§ Your goal: Pictures are to be left out, and the rest of the records reproduced exactly.

Stored items from a collection
....

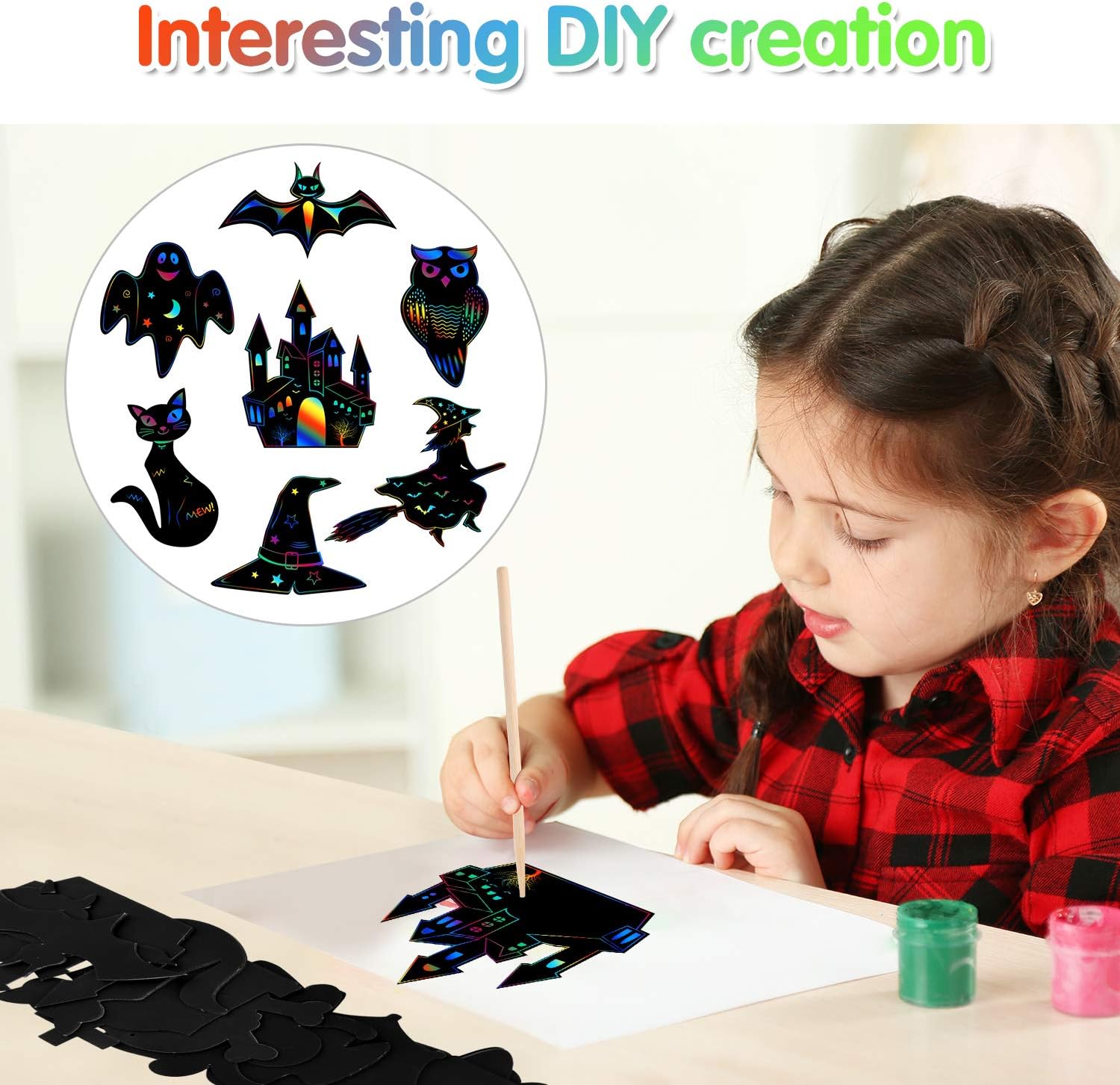 Easy to use and master: Scratch off the black area, then the colorful layer will appear. You can DIY your own scratch paper and draw your favorite words, patterns and figures on it.
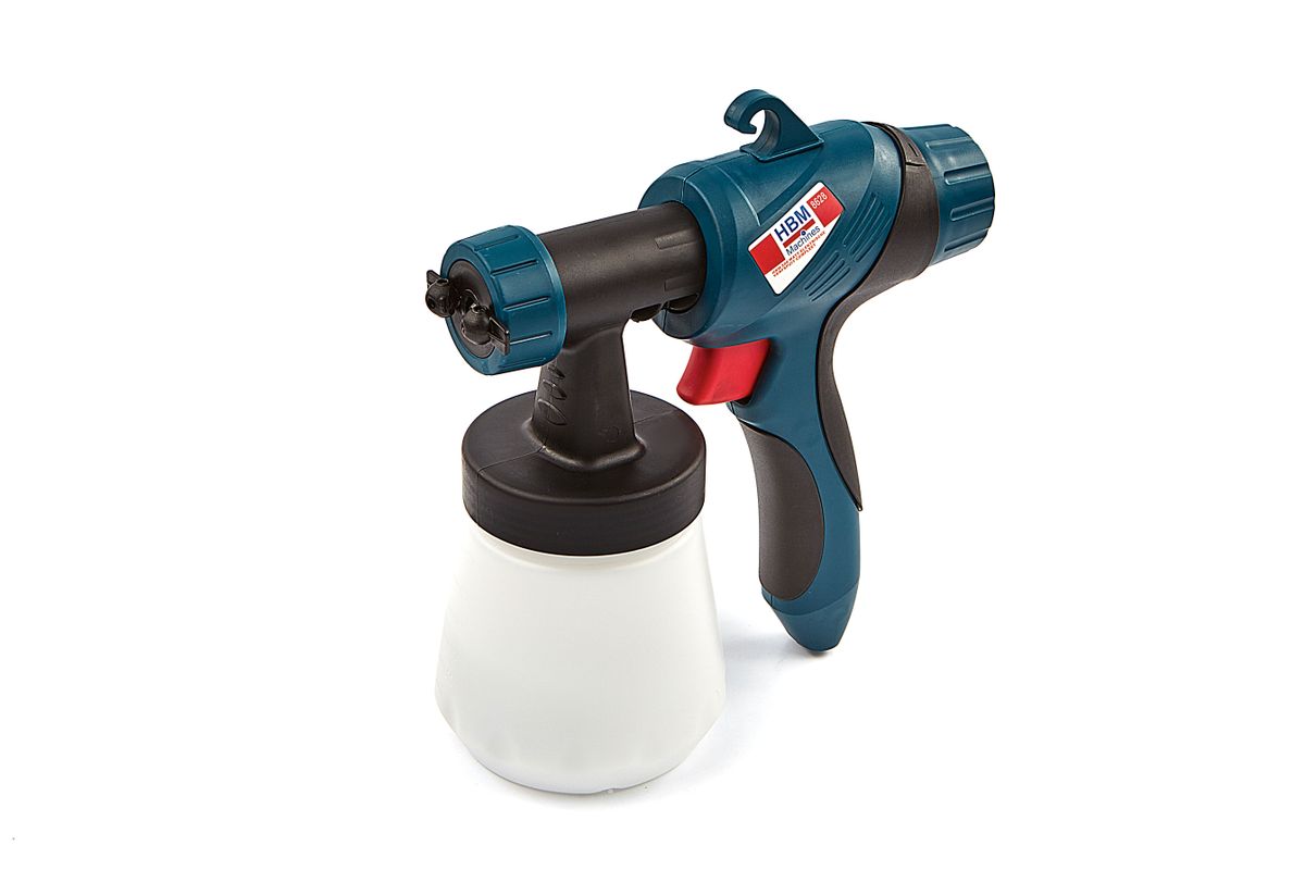 Deze HBM 500 Watt elektrische verfspuit is ideaal voor het verven van kleinere oppervlakten op karwei. De compacte lichtgewicht spuit neem je gemakkelijk mee. Je hebt met deze verfspuit geen persluchtcompressor nodig, dus dat is makkelijk. De 180 cm lange slang zorgt voor voldoende bewegingsvrijheid tijdens het spuiten. De spuit is geschikt voor alle soorten verven met een maximale viscositeit van 50 Din/sec. Over het algemeen gebruik je bij het spuiten minder verf en is de dekking beter. Dat is een goed recept voor een strak resultaat. Over de HBM 500 Watt elektrische verfspuit De basis met elektromotor is voor zien van een stevige handgreep en een praktische berging voor de verfspuit met beker. Zo heb je een compact systeem dat je makkelijk verplaatst. Deze elektrische verfspuit is geschikt voor professioneel gebruik en voor de doe-het-zelver. Sluit deze elektrische verfspuit wel aan met een degelijk verlengsnoer. In de webshop hebben wij ook kabelhaspels met een automatisch oprolmechanisme. Zo voorkom je ongelukken door rondslingerende verlengsnoeren.
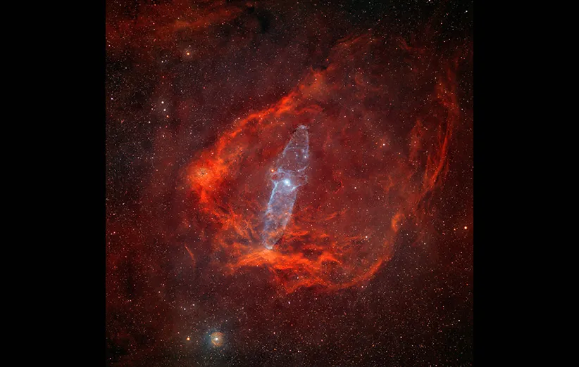 سحابی ماهیمرکب بسیار کم نور و در عین حال در آسمان ما کاملا بزرگ است. این سحابی با نام Ou4 هم شناخته میشود. در این تصویر یک سحابی دیگر به نام سحابی خفاش پرنده یا Sh2-129 هم وجود دارد. هردوی آنها در صورتفلکی سلطنتی قیفاووس قرار گرفتهاند. این عکس که با ۱۷ ساعت نوردهی و تلسکوپ مجهز به فیلتر Narrowband گرفته شده، میدان دیدی به اندازهی ۴ درجه یا ۸ ماه کامل را در بر گرفته است. سحابی ماهیمرکب در سال ۲۰۱۱ توسط یک عکاس نجومی فرانسوی به نام نیکولاس اوترز کشف شد. شکل دوقطبی آبیرنگ آن را به راحتی میتوانید در دل سحابی قرمز رنگ مشاهده کنید. تخمین فاصلهی سحابی ماهیمرکب تا حدودی مشکل است. بعضی مطالعات جدید میگویند که فاصلهی آن به زمین حدود ۲۳۰۰ سال نوری است. قطر آن هم به ۵۰ سال نوری میرسد. یکی از ویژگیهای خیلی جالب این سحابی، یک منظومهی ستارهای سهتایی است که در قلب آن قرار دارد.
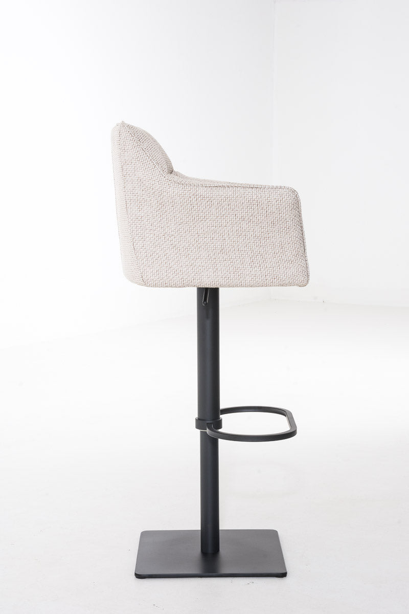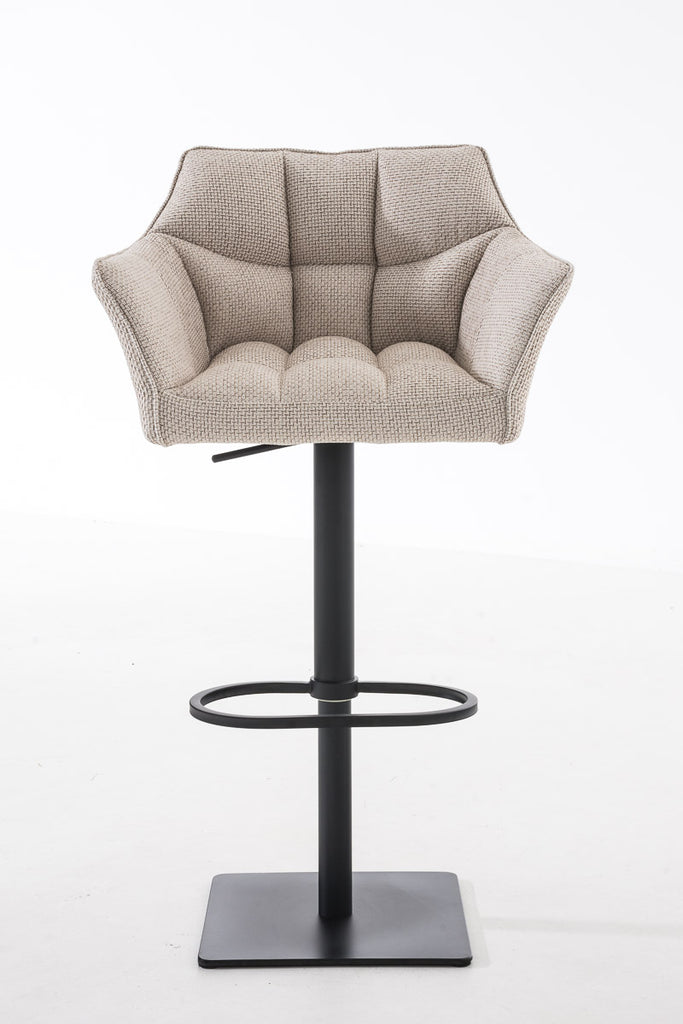 Tabouret de bar chaise haute de comptoir couture carrées assise en tissu crème cadre en métal noir 10_0004695
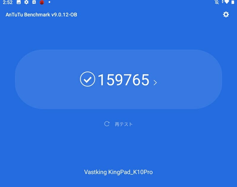 本製品『VASTKING KingPad K10 Pro』について、AnTuTuベンチマークテストを実施した結果は以下の通り。
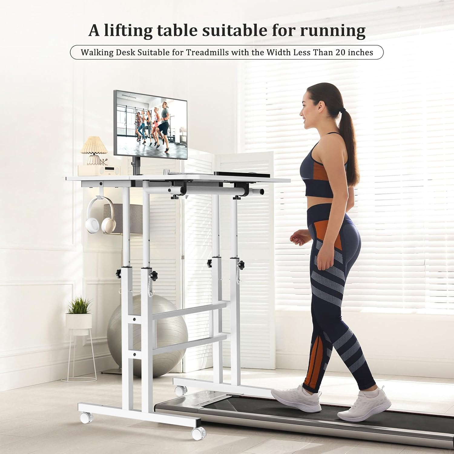 - Adjustable Treadmill Desk: Walking pad desk adjust height from 27.9 inch to 45.3 inch for you to sit or stand, 23.6 inch x 23.6 inch desktop for more storage space, the distance between the two legs is 21.6 inches, which is suitable for standing on most treadmills

....

§ Result of the exercise:
 Easy to use and master: Scratch off the black area, then the colorful layer will appear. You can DIY your own scratch paper and draw your favorite words, patterns and figures on it.
 Deze HBM 500 Watt elektrische verfspuit is ideaal voor het verven van kleinere oppervlakten op karwei. De compacte lichtgewicht spuit neem je gemakkelijk mee. Je hebt met deze verfspuit geen persluchtcompressor nodig, dus dat is makkelijk. De 180 cm lange slang zorgt voor voldoende bewegingsvrijheid tijdens het spuiten. De spuit is geschikt voor alle soorten verven met een maximale viscositeit van 50 Din/sec. Over het algemeen gebruik je bij het spuiten minder verf en is de dekking beter. Dat is een goed recept voor een strak resultaat. Over de HBM 500 Watt elektrische verfspuit De basis met elektromotor is voor zien van een stevige handgreep en een praktische berging voor de verfspuit met beker. Zo heb je een compact systeem dat je makkelijk verplaatst. Deze elektrische verfspuit is geschikt voor professioneel gebruik en voor de doe-het-zelver. Sluit deze elektrische verfspuit wel aan met een degelijk verlengsnoer. In de webshop hebben wij ook kabelhaspels met een automatisch oprolmechanisme. Zo voorkom je ongelukken door rondslingerende verlengsnoeren.
 سحابی ماهیمرکب بسیار کم نور و در عین حال در آسمان ما کاملا بزرگ است. این سحابی با نام Ou4 هم شناخته میشود. در این تصویر یک سحابی دیگر به نام سحابی خفاش پرنده یا Sh2-129 هم وجود دارد. هردوی آنها در صورتفلکی سلطنتی قیفاووس قرار گرفتهاند. این عکس که با ۱۷ ساعت نوردهی و تلسکوپ مجهز به فیلتر Narrowband گرفته شده، میدان دیدی به اندازهی ۴ درجه یا ۸ ماه کامل را در بر گرفته است. سحابی ماهیمرکب در سال ۲۰۱۱ توسط یک عکاس نجومی فرانسوی به نام نیکولاس اوترز کشف شد. شکل دوقطبی آبیرنگ آن را به راحتی میتوانید در دل سحابی قرمز رنگ مشاهده کنید. تخمین فاصلهی سحابی ماهیمرکب تا حدودی مشکل است. بعضی مطالعات جدید میگویند که فاصلهی آن به زمین حدود ۲۳۰۰ سال نوری است. قطر آن هم به ۵۰ سال نوری میرسد. یکی از ویژگیهای خیلی جالب این سحابی، یک منظومهی ستارهای سهتایی است که در قلب آن قرار دارد.
 Tabouret de bar chaise haute de comptoir couture carrées assise en tissu crème cadre en métal noir 10_0004695
 本製品『VASTKING KingPad K10 Pro』について、AnTuTuベンチマークテストを実施した結果は以下の通り。
 - Adjustable Treadmill Desk: Walking pad desk adjust height from 27.9 inch to 45.3 inch for you to sit or stand, 23.6 inch x 23.6 inch desktop for more storage space, the distance between the two legs is 21.6 inches, which is suitable for standing on most treadmills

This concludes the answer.